In the process of electric discharge machining, when electric energy is converted into heat, an unsteady temperature field is formed in the discharge zone, which leads to the formation of local areas of molten material on the surface of the electrodes. When the melt is removed from the microwell, an erosion hole appears on the surface of the electrode, the dimensions of which depend primarily on the discharge energy. As a result of the discharge and related phenomena, the working medium is enriched with a gas-vapor bubble, solid particles of the electrode material removed from the well and thermal decomposition products of the working medium. At a high frequency of application of voltage pulses, single wells are repeatedly reproduced on the surface area of the electrode in question. The superposition of such holes leads to the removal of some allowance in the region of small values of the MEP.

Example.

The following studies were conducted to evaluate the performance of the EEE, to reduce the wear of the electrode tool. Samples of the nickel-based alloy ZhS32-VI, titanium alloys VT3, VT6, ceteris paribus, were subjected to EEE according to the modes specified in the proposed technical solution and prototype method (AS USSR No. 666021). The range of frequencies used was from 3 to 44 kHz, the duration of the pulse packet was from 0.5 to 2 ms, and the duration of the pause between packets was from 0.5 to 2 ms.

A satisfactory result (UR) was considered the result that allowed to increase the productivity of the EEE process in comparison with the prototype by at least 2-4 times, reducing the wear of the electrode tool by at least 2-3 times.

EEE modes of samples according to the proposed method.

Periodic supply of voltage pulses. Voltage pulse of increased energy (I.N.P.E.): 0.06 J - unsatisfactory result (N.R.), 0.1 J - U.R .; 0.15 J - U.R .; 0.25 J - U.R .; 0.4 J - U.R .; 0.6 J - U.R .; 0.8 J - U.R .; 1.0 J - U.R .; 1.2 J - N.R. Impulses of working voltage (I.R.N.), energy: 0.002 J - N.R .; 0.003 J - U.R .; 0.005 J - U.R .; 0.01 J - U.R .; 0.02 J - U.R .; 0.03 J - U.R .; 0.05 J - U.R .; 0.07 J - N.R.

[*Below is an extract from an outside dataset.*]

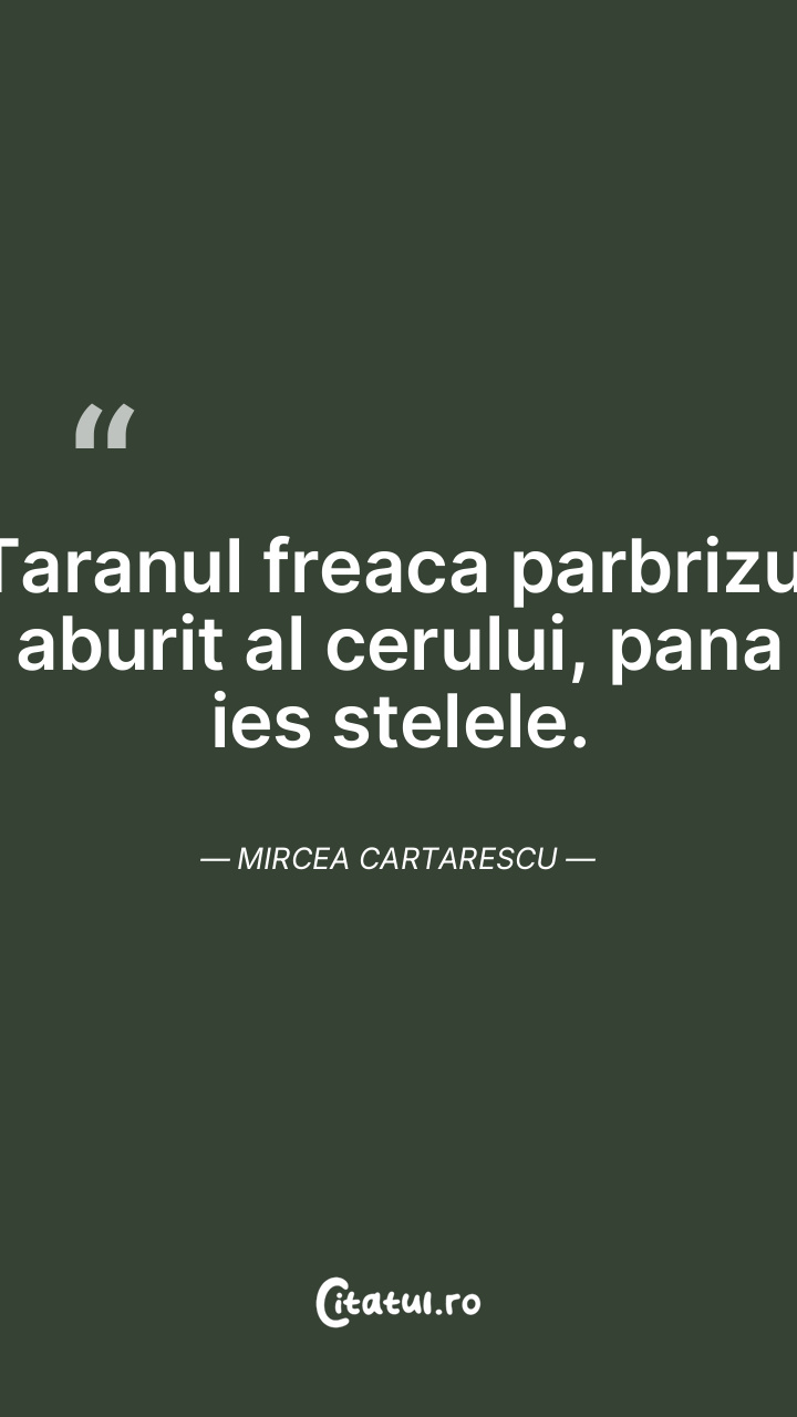 Taranul freaca parbrizul aburit al cerului, p ... Citește tot citatul >

The sequence and types of pulses: 1) (I.N.P.E. - U.Z.K. - I.R.N.) - U.R .; 2) (I.N.P.E. - I.R.N.) - N.R .; 3) (I.R.N. - I.N.P.E. - U.Z.K.) - N.R .; 4) (I.N.P.E. - I.R.N. - U.Z.K.) - N.R.

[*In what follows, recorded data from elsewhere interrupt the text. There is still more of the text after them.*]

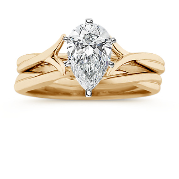 This modern design is a Shane Co. exclusive. Crafted from superior quality 14 karat yellow gold, a smooth, polished finish gives this piece elegance and shine. This unique wedding set with a split shank serves to highlight the center gemstone of your choice.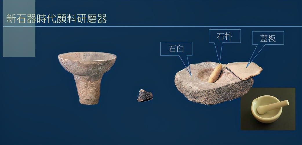 陕西历史博物馆藏有姜寨发现的颜料研磨器,这是五千多年前的器物。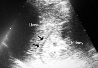 Figure 2: FAST examination shows fluid in Morison's pouch (arrows). View Figure 2

Thus, the use of the proposed method for electric discharge machining of small diameter holes of the following features, including: periodic supply of operating voltage pulses, consistent with the application of ultrasonic vibrations to the working area; voltage pulses are supplied in a packet with pauses between the supply of pulse packets; before applying a packet of pulses of the operating voltage, a voltage pulse of increased energy is supplied from 0.1 to 1 J; then produce superposition of ultrasonic vibrations; then stop the application of ultrasonic vibrations; they supply a packet of operating voltage pulses with energies from 0.01 to 0.03 J, which makes it possible to achieve the technical result set in the present invention, which is an increase in EEE productivity and reduction of electrode tool wear.

Claims (7)

1. The method of electrical discharge machining of small-diameter holes, including the periodic supply of operating voltage pulses, consistent with the application of ultrasonic vibrations to the working area, characterized in that the voltage pulses are supplied in a packet with pauses between the supply of pulse packets, and before applying a packet of operating voltage pulses, a voltage pulse of increased energy from 0.1 to 1 J, then the application of ultrasonic vibrations is performed, then the application of ultrasonic vibrations and t operating voltage pulse packet energy of 0.01 J to 0.03. 2. The method according to p. 1, characterized in that the pulse packet duration is from 0.5 to 2 ms, and the pause time between packets is from 0.5 to 2 ms. 3. The method according to p. 1, characterized in that they use a tubular electrode-tool, through the cavity of which pumping the working medium at high pressure. 4. The method according to p. 2, characterized in that they use a tubular electrode-tool, through the cavity of which pumping the working medium at high pressure. 5. The method according to p. 1, characterized in that they use a tubular electrode-tool, through the cavity of which pulsed pumping of the working medium at high pressure. 6. The method according to p. 2, characterized in that they use a tubular electrode-tool, through the cavity of which pulsed pumping of the working medium at high pressure. 7. The method according to any one of paragraphs. 1-6, characterized in that the working package of voltage pulses is terminated by a voltage pulse of increased energy with an energy of from 0.1 to 1 J.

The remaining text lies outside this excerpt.